A package with many utility functions

Project description

winiutils

(This project uses pyrig)

Overview

winiutils is a comprehensive Python utility library providing production-ready tools for data processing, concurrent execution, security, and object-oriented programming patterns. Built with strict type safety and code quality standards, it offers reusable components for common development tasks.

Features

DataFrame Cleaning Pipeline

The CleaningDF abstract base class provides a production-ready, extensible framework for cleaning and standardizing Polars DataFrames. It implements a comprehensive 8-step cleaning pipeline:

Pipeline Stages:

  1. Column Renaming - Standardize column names from raw input
  2. Column Dropping - Remove columns not in schema
  3. Null Filling - Fill null values with configurable defaults
  4. Type Conversion - Convert to correct data types with custom transformations
  5. Null Subset Dropping - Remove rows where specified column groups are all null
  6. Duplicate Handling - Aggregate duplicate rows and sum specified columns
  7. Sorting - Multi-column sorting with per-column direction control
  8. Validation - Enforce data quality (correct dtypes, no nulls in required columns, no NaN values)

Key Features:

  • Abstract Configuration: 10 abstract methods for complete customization

    • get_rename_map() - Column name standardization
    • get_col_dtype_map() - Type schema definition
    • get_fill_null_map() - Null value defaults
    • get_col_converter_map() - Custom column transformations
    • get_drop_null_subsets() - Row deletion rules
    • get_unique_subsets() - Duplicate detection criteria
    • get_add_on_duplicate_cols() - Columns to aggregate on duplicates
    • get_sort_cols() - Sort order specification
    • get_no_null_cols() - Required non-null columns
    • get_col_precision_map() - Float rounding precision
  • Advanced Features:

    • Kahan Summation: Compensated rounding for floats to prevent accumulation errors
    • Automatic Logging: Built-in method logging via ABCLoggingMixin
    • Type Safety: Full Polars type enforcement with validation
    • NaN Handling: Automatic NaN to null conversion
    • Duplicate Aggregation: Sum values when merging duplicate rows
    • Standard Conversions: Auto-strip strings, auto-round floats

Usage Pattern:

class MyDataCleaner(CleaningDF):
    # Define column constants
    USER_ID = "user_id"
    EMAIL = "email"

    @classmethod
    def get_rename_map(cls) -> dict[str, str]:
        return {cls.USER_ID: "UserId", cls.EMAIL: "Email_Address"}

    @classmethod
    def get_col_dtype_map(cls) -> dict[str, type[pl.DataType]]:
        return {cls.USER_ID: pl.Int64, cls.EMAIL: pl.Utf8}

    # ... implement other abstract methods

# Use it
cleaned_data = MyDataCleaner(raw_dataframe)
result_df = cleaned_data.df

Best For:

  • ETL pipelines requiring consistent data quality
  • Data standardization before database loading
  • Building composable data cleaning workflows
  • Projects requiring audit trails (automatic logging)

Concurrent Processing

A unified, intelligent framework for parallel execution supporting both multiprocessing (CPU-bound) and multithreading (I/O-bound) tasks with automatic resource optimization.

Core Functions:

multiprocess_loop() - CPU-bound parallel processing

  • Uses multiprocessing.Pool with spawn context for true parallelism
  • Bypasses Python's GIL for CPU-intensive tasks
  • Automatic process pool sizing based on CPU count and active processes
  • Deep-copy support for mutable static arguments

multithread_loop() - I/O-bound parallel processing

  • Uses ThreadPoolExecutor for concurrent I/O operations
  • Efficient for network requests, file I/O, database queries
  • Automatic thread pool sizing (CPU count × 4)
  • Safe for mutable objects (shared memory)

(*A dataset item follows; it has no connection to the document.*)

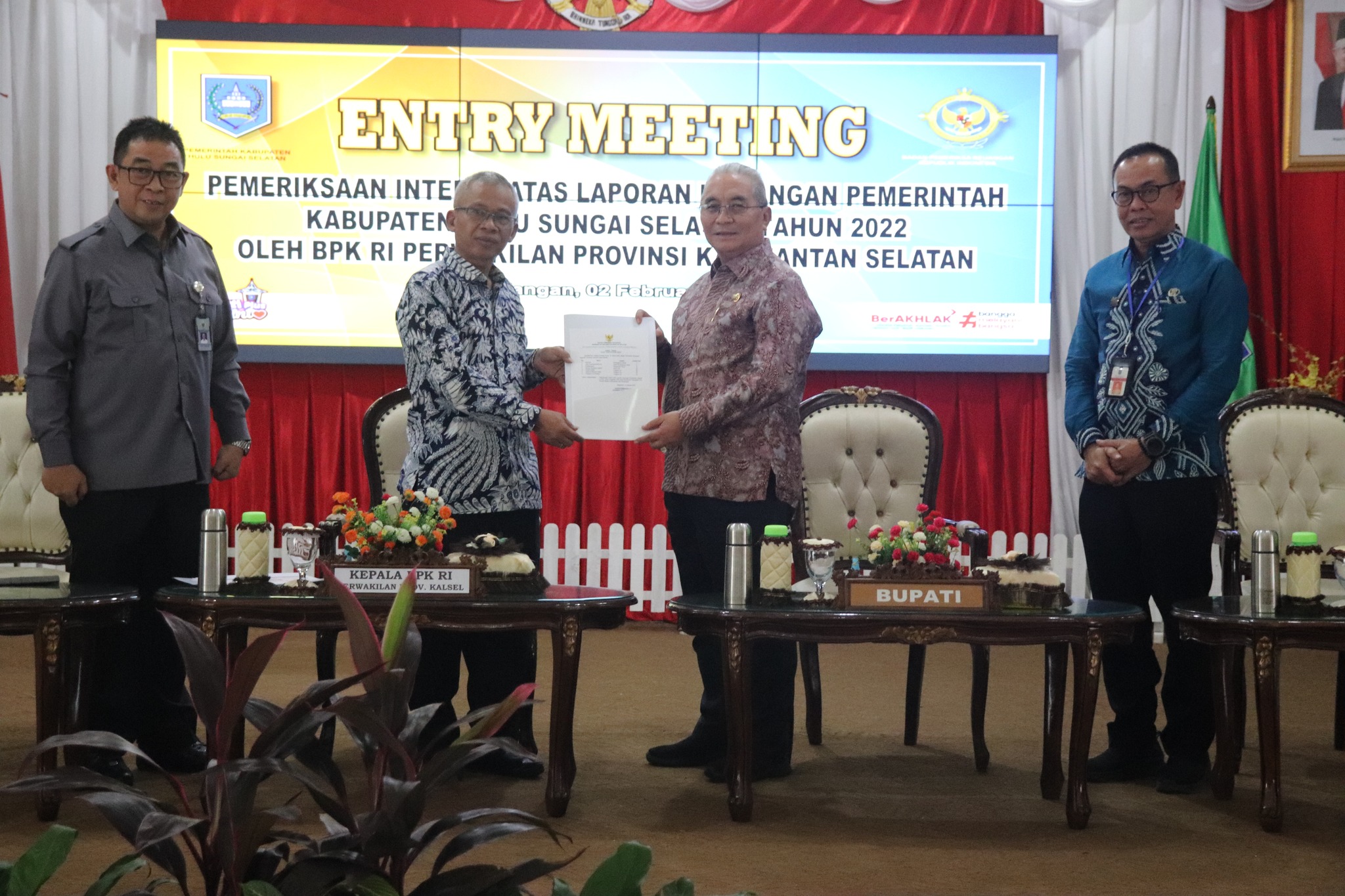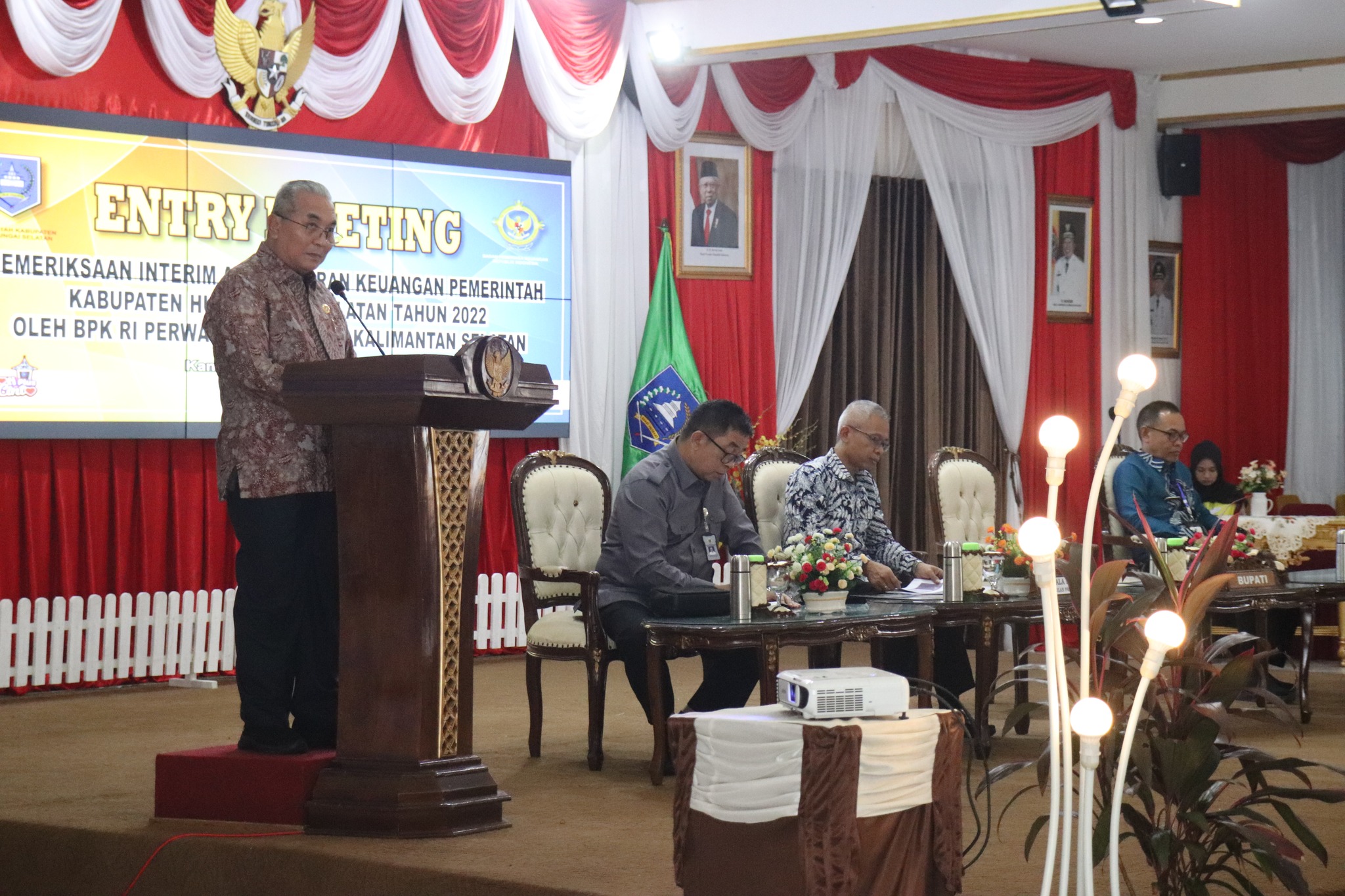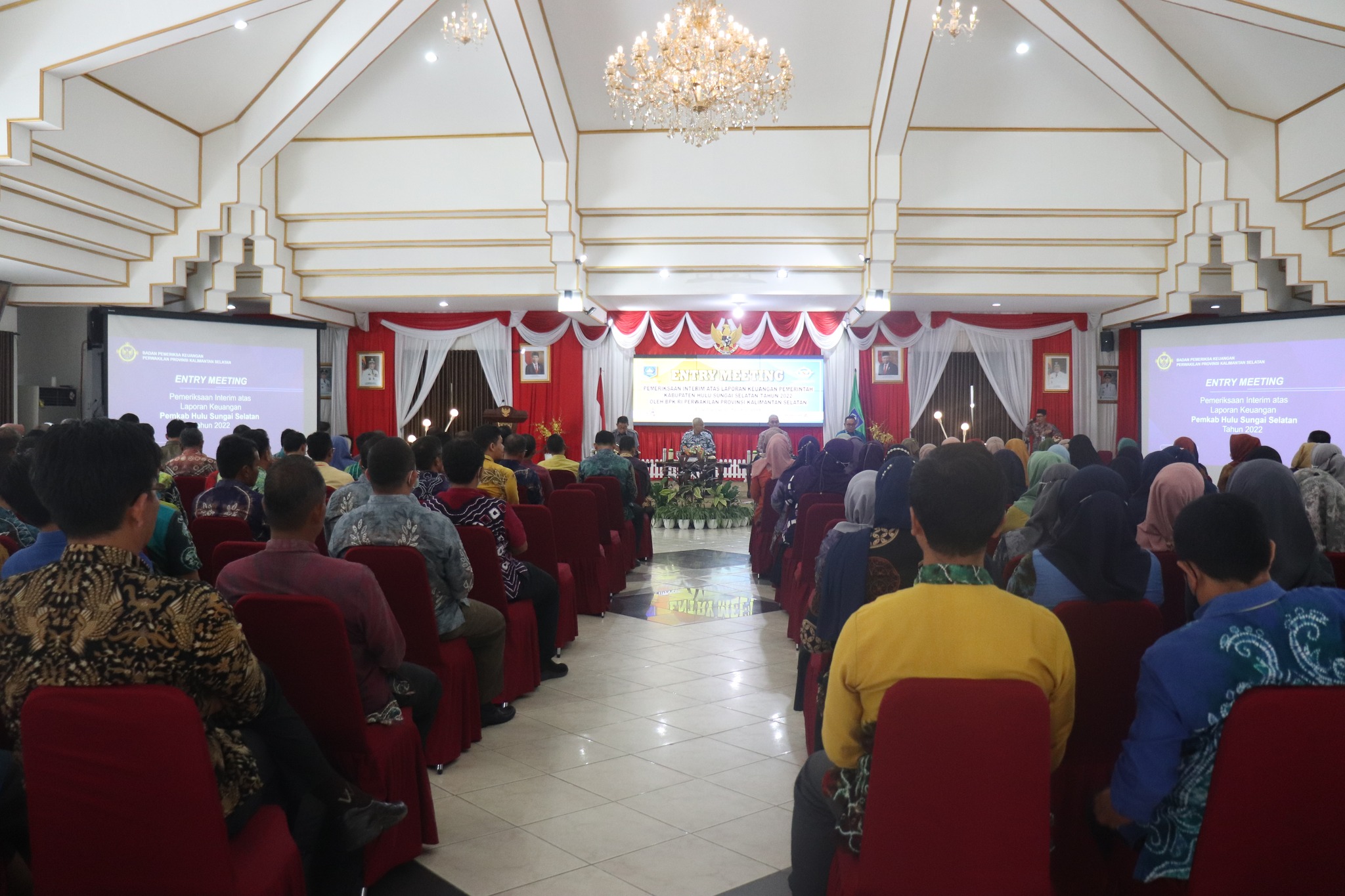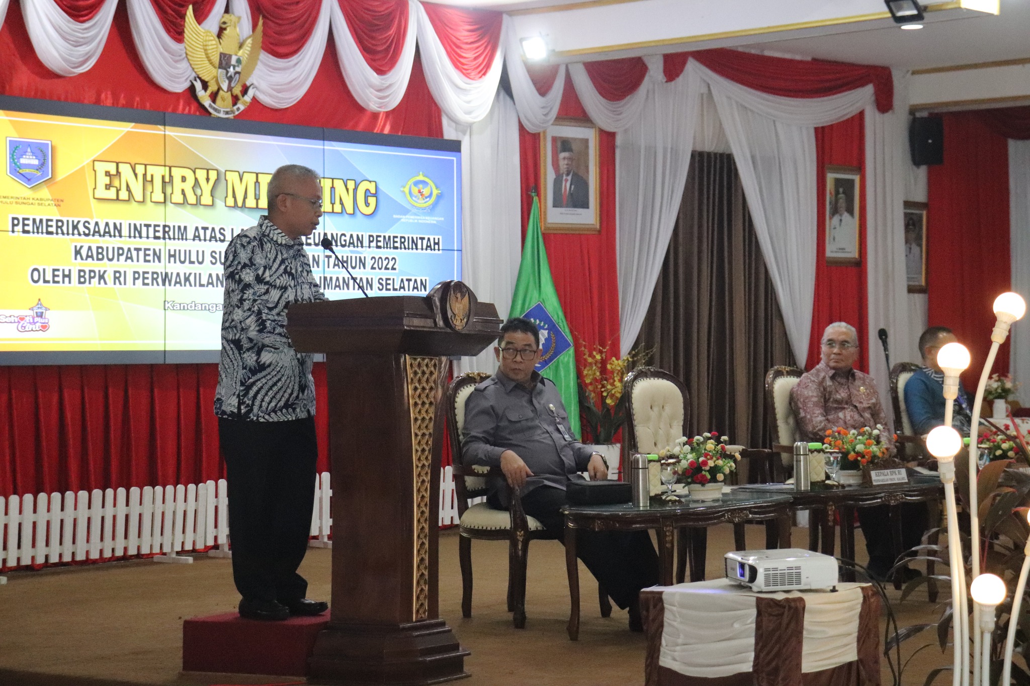 Entry Meeting Pemeriksaan Interim atas Laporan Keuangan Pemerintah Kabupaten Hulu Sungai Selatan (HSS) Tahun 2022 oleh Badan Pemeriksa Keuangan Republik Indonesia (BPK RI) Perwakilan Provinsi Kalimantan Selatan dibuka pada siang ini di Gedung Pendopo Bupati, Kamis (02/02).

cancel_on_timeout() - Timeout enforcement

  • Decorator/wrapper for functions that may hang
  • Uses multiprocessing to forcefully terminate on timeout
  • Proper cleanup with process termination and joining
  • Works with pickle-able functions

Key Features:

  • Automatic Worker Optimization: Calculates optimal pool size based on:

    • Available CPU cores
    • Currently active processes/threads
    • Number of tasks to process
    • Ensures at least 1 worker, prevents oversubscription
  • Progress Tracking: Built-in tqdm integration

    • Real-time progress bars for all parallel operations
    • Descriptive labels showing function name and worker type
    • Accurate task counting
  • Order Preservation: Results returned in original input order

    • Uses internal ordering system with imap_unordered
    • Efficient unordered processing with ordered output
    • No manual result sorting required
  • Flexible Argument Handling:

    • process_args: Variable arguments per task (iterable of iterables)
    • process_args_static: Shared arguments across all tasks
    • deepcopy_static_args: Arguments deep-copied per process (for mutables)
    • process_args_len: Optional length hint for optimization
  • Smart Execution: Single unified concurrent_loop() backend

    • Automatically selects map/imap_unordered based on task count
    • Handles both Pool and ThreadPoolExecutor transparently
    • Consistent API regardless of concurrency type

Usage Examples:

from winiutils.src.iterating.concurrent.multiprocessing import multiprocess_loop
from winiutils.src.iterating.concurrent.multithreading import multithread_loop
from winiutils.src.iterating.concurrent.multiprocessing import cancel_on_timeout

# CPU-bound: Process large datasets in parallel
def process_data(data_chunk, config):
    # Heavy computation
    return analyzed_data

results = multiprocess_loop(
    process_function=process_data,
    process_args=[(chunk,) for chunk in data_chunks],
    process_args_static=(config,),
    process_args_len=len(data_chunks)
)

# I/O-bound: Fetch multiple URLs concurrently
def fetch_url(url, headers):
    return requests.get(url, headers=headers)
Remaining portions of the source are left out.